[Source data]
'''
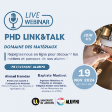 Depuis début novembre 2024, le réseau Alumni a lancé une série de webinaires PhD « Link&Talk ».
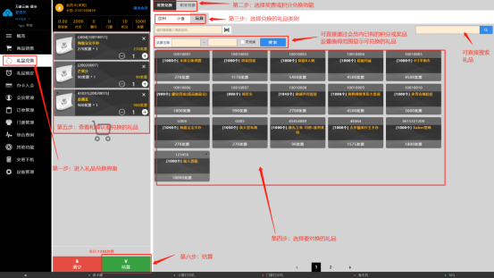 进入礼品兑换页面,选择奖票兑换功能;充值和使用会员卡会产生相应的奖票,可以用奖票来进行兑换相应的商品,根据需要选择不同类别的商品后点击结算即可,也可用购物车进行大量兑换,兑换只消耗相应的奖票,可以在会员管理页面查询
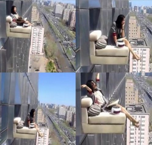 특히 고층빌딩 밑으로 아득하게 땅이 보이는데에도 불구 너무나 편안한 표정을 짓고 있어 누리꾼들을 절로 경악케 만들고 있다.
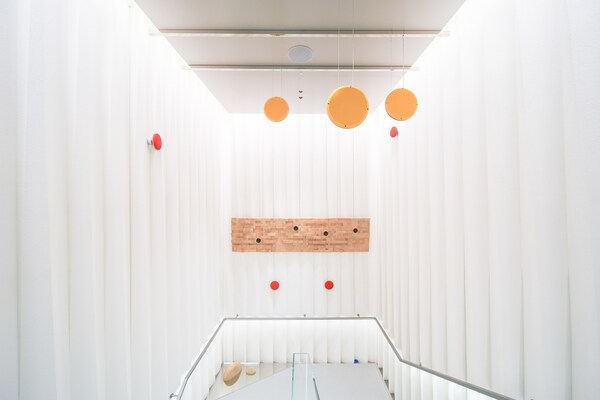 《野响》听觉空间设置于一、二层楼梯处,艺术家通过在楼梯这一日常功能空间中安置声音与物件,再现自然之声,营造出自然与人迹交织的听觉环境。在意象性的自然环境中,视觉与听觉的边界变得模糊,参与者通过聆听与移动,唤起对自然的想象与感知,在行进中完成一次户外与声音融合的艺术体验。该听觉空间作品作为SALOMON萨洛蒙联合“燃冉”计划共同呈现的“SALOMON声音特别单元”重要组成部分,更多艺术家的声音装置作品陆续将在11月5日“燃冉”艺术季开幕之际亮相。
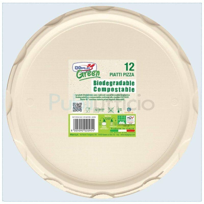 Piatti pizza biodegradabili e compostabili Dopla Green avorio Ø 320 mm - conf. 12 pz - 11798
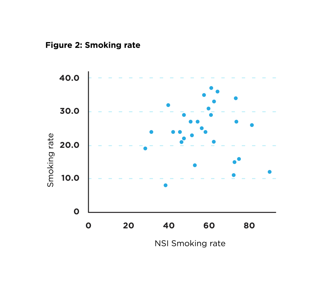 There is no correlation between tobacco control scores and lower smoking rates (Figure 2).
'''
* _WHAT IS NEEDED_
Leave every picture out, and repeat exactly the lines from the one containing "进入礼品兑换页面,选择奖票兑" through the last line of the entries, both ends included.

* _RESPONSE TO THE TASK_
 进入礼品兑换页面,选择奖票兑换功能;充值和使用会员卡会产生相应的奖票,可以用奖票来进行兑换相应的商品,根据需要选择不同类别的商品后点击结算即可,也可用购物车进行大量兑换,兑换只消耗相应的奖票,可以在会员管理页面查询
 특히 고층빌딩 밑으로 아득하게 땅이 보이는데에도 불구 너무나 편안한 표정을 짓고 있어 누리꾼들을 절로 경악케 만들고 있다.
 《野响》听觉空间设置于一、二层楼梯处,艺术家通过在楼梯这一日常功能空间中安置声音与物件,再现自然之声,营造出自然与人迹交织的听觉环境。在意象性的自然环境中,视觉与听觉的边界变得模糊,参与者通过聆听与移动,唤起对自然的想象与感知,在行进中完成一次户外与声音融合的艺术体验。该听觉空间作品作为SALOMON萨洛蒙联合“燃冉”计划共同呈现的“SALOMON声音特别单元”重要组成部分,更多艺术家的声音装置作品陆续将在11月5日“燃冉”艺术季开幕之际亮相。
 Piatti pizza biodegradabili e compostabili Dopla Green avorio Ø 320 mm - conf. 12 pz - 11798
 There is no correlation between tobacco control scores and lower smoking rates (Figure 2).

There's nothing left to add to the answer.